INFORMATION SHOWN.
----
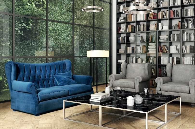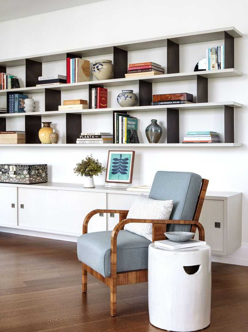 За диванами и креслами устанавливаются узкие полки для книг, которые можно точечно дополнить источниками света.
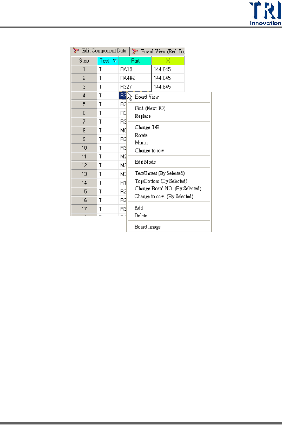 Test Research Inc. 104 TR 7007 SII User Guid e – Softwar e 5.2.1 B OARD V IEW 將所匯入檔案中所有元件的位置以圖形表示出來。 紅色標示表示位於正面的元件,綠色標示表示位於背面的元件。 在繪圖區域按一下滑鼠右鍵,會出現以下工具列。可以選擇只檢視正面或反面,或按 下 [Zoom In] 、 [Zoom Out] 來圖形放大或縮小, [Zoom to Extents]…
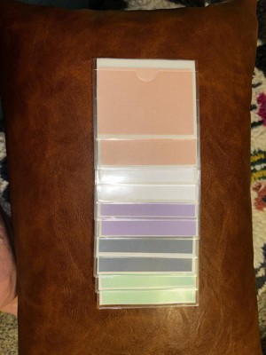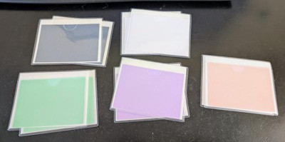 - Includes pink, blue, green, white and purple cards
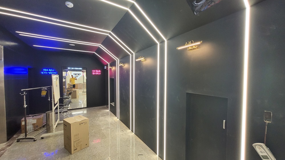 옐로우컬러 벽면에 밝은 LED 조명이나 스포트라이트를 사용하여 선명하고 생생한 느낌을 줄 수 있습니다.
----
EXERCISE OBJECTIVE. Repeat, word for word and with no pictures, only the lines running from the beginning of the data to the line that contains "Test Research Inc.".

RESULT OF THIS TASK.
 За диванами и креслами устанавливаются узкие полки для книг, которые можно точечно дополнить источниками света.
 Test Research Inc. 104 TR 7007 SII User Guid e – Softwar e 5.2.1 B OARD V IEW 將所匯入檔案中所有元件的位置以圖形表示出來。 紅色標示表示位於正面的元件,綠色標示表示位於背面的元件。 在繪圖區域按一下滑鼠右鍵,會出現以下工具列。可以選擇只檢視正面或反面,或按 下 [Zoom In] 、 [Zoom Out] 來圖形放大或縮小, [Zoom to Extents]…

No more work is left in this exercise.